Try it ▸ The answer consists solely of the listing's lines from the first through the line containing "仙台味噌とふきのとうをブレン", each reproduced exactly.
+ + +
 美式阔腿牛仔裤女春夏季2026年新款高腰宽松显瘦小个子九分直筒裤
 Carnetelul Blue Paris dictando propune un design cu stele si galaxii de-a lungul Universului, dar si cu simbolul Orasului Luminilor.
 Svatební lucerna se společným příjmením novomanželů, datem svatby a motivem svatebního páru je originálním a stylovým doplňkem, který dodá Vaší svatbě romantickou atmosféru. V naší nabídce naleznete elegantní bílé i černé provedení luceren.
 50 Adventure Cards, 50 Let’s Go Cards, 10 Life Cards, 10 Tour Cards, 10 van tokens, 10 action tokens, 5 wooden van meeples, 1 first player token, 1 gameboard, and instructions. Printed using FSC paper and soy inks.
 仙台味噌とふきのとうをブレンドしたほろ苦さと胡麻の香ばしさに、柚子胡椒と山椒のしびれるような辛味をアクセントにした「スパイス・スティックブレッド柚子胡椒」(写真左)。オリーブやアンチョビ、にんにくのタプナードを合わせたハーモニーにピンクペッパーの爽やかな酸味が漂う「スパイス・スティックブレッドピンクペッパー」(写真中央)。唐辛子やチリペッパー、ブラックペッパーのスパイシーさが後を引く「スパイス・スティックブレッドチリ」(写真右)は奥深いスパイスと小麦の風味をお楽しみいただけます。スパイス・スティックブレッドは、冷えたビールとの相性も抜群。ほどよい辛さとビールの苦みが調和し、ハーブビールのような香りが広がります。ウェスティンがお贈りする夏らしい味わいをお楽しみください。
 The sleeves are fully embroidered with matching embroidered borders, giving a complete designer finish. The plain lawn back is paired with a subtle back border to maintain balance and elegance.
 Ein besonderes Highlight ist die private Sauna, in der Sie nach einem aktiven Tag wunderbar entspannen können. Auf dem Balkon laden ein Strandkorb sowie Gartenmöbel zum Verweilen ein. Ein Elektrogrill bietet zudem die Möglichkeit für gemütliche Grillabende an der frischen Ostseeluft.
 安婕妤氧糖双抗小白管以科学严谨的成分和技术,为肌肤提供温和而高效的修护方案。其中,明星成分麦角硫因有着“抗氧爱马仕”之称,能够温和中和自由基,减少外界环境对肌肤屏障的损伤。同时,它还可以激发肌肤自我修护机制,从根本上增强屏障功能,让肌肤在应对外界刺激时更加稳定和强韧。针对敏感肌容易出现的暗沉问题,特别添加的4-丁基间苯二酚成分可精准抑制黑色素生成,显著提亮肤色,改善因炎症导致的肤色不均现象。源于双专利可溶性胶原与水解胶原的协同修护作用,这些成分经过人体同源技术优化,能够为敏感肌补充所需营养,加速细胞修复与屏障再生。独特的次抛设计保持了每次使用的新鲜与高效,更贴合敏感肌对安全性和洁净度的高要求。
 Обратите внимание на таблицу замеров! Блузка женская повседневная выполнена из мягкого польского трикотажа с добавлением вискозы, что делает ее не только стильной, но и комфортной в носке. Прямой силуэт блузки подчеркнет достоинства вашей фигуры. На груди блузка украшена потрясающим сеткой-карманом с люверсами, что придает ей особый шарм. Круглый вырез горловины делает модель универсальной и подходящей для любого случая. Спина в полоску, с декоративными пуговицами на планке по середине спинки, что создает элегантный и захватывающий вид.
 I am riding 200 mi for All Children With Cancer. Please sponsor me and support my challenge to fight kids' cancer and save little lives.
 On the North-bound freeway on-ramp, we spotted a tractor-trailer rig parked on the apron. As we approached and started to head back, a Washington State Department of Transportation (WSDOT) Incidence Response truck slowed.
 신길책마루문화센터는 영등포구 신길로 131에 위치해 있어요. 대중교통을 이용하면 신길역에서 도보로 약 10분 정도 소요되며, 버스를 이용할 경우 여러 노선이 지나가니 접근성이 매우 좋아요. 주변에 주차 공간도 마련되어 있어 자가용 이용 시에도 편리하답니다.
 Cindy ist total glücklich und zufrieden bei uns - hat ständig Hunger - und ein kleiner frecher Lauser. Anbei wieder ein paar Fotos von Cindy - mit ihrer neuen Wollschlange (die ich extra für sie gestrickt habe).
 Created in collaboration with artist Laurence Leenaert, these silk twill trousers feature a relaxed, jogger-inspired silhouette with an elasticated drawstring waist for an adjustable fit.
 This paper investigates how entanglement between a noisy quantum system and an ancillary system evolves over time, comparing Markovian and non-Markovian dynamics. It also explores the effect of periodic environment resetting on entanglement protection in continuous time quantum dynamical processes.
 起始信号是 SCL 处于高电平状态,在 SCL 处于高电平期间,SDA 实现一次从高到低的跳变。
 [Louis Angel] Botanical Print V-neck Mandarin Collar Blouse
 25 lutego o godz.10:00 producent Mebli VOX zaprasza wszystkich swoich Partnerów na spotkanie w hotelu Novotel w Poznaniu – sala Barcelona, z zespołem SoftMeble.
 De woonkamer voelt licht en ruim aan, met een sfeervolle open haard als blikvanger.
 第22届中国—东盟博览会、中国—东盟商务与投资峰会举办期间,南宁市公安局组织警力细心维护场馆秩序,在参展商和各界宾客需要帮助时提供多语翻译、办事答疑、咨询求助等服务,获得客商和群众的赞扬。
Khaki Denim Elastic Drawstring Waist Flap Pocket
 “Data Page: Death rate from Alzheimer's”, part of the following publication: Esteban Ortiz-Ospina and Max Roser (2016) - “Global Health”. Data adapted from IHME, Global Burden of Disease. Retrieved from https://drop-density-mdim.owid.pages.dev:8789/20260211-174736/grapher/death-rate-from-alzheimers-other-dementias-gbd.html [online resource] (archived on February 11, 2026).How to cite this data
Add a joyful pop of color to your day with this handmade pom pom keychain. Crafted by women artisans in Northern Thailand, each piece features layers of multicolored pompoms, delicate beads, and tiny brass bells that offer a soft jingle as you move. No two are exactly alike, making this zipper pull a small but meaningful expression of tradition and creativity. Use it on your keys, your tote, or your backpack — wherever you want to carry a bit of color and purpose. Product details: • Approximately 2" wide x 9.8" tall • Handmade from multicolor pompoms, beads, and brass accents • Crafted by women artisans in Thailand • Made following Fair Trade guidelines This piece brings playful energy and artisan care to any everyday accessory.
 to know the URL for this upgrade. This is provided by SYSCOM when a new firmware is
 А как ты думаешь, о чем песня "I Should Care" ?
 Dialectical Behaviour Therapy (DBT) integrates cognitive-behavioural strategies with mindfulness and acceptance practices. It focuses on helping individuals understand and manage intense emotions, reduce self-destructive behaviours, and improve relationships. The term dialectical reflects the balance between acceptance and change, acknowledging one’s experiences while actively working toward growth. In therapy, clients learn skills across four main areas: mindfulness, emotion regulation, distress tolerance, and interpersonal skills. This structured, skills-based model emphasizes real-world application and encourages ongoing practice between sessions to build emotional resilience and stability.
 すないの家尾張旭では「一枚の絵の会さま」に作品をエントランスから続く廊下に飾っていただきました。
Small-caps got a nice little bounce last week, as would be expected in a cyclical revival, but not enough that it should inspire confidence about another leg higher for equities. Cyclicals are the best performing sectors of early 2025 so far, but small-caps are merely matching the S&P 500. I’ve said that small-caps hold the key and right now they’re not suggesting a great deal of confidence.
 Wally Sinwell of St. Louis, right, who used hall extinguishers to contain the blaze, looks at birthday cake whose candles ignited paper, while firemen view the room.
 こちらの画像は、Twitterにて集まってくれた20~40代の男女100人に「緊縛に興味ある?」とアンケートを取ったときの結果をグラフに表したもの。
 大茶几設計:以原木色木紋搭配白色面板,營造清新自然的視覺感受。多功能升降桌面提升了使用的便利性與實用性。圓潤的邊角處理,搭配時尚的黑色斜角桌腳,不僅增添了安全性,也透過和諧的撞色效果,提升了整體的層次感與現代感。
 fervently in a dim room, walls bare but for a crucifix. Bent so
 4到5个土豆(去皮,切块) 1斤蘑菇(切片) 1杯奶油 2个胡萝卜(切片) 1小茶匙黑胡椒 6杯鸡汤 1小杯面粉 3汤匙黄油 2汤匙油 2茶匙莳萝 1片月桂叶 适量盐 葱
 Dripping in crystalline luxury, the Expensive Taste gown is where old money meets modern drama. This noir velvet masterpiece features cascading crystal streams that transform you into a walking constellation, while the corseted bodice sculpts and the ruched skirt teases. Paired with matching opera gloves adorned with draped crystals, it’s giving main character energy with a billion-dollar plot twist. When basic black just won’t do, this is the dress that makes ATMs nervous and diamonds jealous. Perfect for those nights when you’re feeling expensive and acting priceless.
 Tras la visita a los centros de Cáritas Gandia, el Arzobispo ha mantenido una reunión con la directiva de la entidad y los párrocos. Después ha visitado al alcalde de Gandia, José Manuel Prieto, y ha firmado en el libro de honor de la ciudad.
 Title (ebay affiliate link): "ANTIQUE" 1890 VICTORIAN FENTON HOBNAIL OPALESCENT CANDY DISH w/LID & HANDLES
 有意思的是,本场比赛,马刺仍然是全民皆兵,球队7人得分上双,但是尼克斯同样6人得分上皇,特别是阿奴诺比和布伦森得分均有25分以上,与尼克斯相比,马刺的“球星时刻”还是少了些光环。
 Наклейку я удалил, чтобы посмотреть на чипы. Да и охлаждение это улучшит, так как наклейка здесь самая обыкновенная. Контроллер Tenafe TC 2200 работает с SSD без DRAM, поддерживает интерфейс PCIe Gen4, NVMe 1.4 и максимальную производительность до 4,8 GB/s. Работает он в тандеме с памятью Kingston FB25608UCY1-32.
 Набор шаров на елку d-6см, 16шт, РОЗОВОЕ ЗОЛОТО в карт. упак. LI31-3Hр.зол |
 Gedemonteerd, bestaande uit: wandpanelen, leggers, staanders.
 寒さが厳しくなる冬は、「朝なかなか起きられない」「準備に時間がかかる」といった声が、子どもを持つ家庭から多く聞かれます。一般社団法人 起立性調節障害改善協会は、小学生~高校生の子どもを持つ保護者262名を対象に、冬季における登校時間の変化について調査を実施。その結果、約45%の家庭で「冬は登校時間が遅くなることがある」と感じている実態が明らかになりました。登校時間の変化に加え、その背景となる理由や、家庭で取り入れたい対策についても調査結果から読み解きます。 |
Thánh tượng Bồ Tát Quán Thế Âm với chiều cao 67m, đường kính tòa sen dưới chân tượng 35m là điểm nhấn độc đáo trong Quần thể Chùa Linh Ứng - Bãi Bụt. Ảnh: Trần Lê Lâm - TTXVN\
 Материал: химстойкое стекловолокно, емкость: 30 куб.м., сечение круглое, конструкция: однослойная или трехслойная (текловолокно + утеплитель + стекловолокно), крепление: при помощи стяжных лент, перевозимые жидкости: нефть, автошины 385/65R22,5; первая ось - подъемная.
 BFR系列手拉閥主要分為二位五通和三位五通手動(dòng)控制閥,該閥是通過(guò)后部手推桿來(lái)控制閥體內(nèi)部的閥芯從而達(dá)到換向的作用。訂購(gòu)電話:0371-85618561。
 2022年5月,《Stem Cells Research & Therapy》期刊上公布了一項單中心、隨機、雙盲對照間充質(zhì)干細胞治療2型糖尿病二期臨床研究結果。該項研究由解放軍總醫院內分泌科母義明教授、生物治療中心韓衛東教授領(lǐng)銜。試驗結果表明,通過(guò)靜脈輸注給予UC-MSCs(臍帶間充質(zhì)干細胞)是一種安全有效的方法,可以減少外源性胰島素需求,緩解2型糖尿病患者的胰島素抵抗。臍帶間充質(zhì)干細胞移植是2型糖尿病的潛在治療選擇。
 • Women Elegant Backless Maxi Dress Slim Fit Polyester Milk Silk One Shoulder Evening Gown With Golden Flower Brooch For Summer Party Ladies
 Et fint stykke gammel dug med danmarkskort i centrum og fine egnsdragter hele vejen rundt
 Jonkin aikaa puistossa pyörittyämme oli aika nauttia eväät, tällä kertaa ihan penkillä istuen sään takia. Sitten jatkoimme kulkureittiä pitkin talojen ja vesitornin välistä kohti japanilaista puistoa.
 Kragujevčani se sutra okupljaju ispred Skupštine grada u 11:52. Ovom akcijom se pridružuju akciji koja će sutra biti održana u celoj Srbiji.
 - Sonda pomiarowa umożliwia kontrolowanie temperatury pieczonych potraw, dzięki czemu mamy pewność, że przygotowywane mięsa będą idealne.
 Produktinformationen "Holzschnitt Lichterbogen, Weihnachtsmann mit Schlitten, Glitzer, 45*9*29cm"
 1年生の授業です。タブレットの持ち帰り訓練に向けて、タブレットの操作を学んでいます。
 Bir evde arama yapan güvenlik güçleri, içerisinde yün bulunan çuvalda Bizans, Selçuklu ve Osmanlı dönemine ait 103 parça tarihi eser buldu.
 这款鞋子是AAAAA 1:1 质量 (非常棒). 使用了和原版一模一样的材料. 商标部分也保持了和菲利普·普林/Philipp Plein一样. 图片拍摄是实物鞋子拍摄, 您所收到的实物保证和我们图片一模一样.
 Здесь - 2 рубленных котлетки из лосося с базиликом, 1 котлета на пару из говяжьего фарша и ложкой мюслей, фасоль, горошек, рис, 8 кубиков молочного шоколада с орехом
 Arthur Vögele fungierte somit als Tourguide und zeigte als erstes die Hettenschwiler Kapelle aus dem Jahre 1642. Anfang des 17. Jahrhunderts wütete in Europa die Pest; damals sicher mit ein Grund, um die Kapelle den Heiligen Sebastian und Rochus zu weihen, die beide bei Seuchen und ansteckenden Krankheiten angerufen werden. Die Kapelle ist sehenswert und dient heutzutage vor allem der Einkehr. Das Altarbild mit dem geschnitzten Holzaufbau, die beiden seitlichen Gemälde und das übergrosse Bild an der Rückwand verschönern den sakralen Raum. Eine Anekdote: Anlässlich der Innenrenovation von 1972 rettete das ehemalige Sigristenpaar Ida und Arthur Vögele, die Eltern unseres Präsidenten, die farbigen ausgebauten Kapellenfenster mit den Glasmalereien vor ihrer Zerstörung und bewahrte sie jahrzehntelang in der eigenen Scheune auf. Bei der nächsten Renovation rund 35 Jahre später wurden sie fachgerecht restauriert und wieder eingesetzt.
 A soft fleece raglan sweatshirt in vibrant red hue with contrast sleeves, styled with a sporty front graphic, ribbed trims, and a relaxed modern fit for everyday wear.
+ + +
Task answer ▸
 美式阔腿牛仔裤女春夏季2026年新款高腰宽松显瘦小个子九分直筒裤
 Carnetelul Blue Paris dictando propune un design cu stele si galaxii de-a lungul Universului, dar si cu simbolul Orasului Luminilor.
 Svatební lucerna se společným příjmením novomanželů, datem svatby a motivem svatebního páru je originálním a stylovým doplňkem, který dodá Vaší svatbě romantickou atmosféru. V naší nabídce naleznete elegantní bílé i černé provedení luceren.
 50 Adventure Cards, 50 Let’s Go Cards, 10 Life Cards, 10 Tour Cards, 10 van tokens, 10 action tokens, 5 wooden van meeples, 1 first player token, 1 gameboard, and instructions. Printed using FSC paper and soy inks.
 仙台味噌とふきのとうをブレンドしたほろ苦さと胡麻の香ばしさに、柚子胡椒と山椒のしびれるような辛味をアクセントにした「スパイス・スティックブレッド柚子胡椒」(写真左)。オリーブやアンチョビ、にんにくのタプナードを合わせたハーモニーにピンクペッパーの爽やかな酸味が漂う「スパイス・スティックブレッドピンクペッパー」(写真中央)。唐辛子やチリペッパー、ブラックペッパーのスパイシーさが後を引く「スパイス・スティックブレッドチリ」(写真右)は奥深いスパイスと小麦の風味をお楽しみいただけます。スパイス・スティックブレッドは、冷えたビールとの相性も抜群。ほどよい辛さとビールの苦みが調和し、ハーブビールのような香りが広がります。ウェスティンがお贈りする夏らしい味わいをお楽しみください。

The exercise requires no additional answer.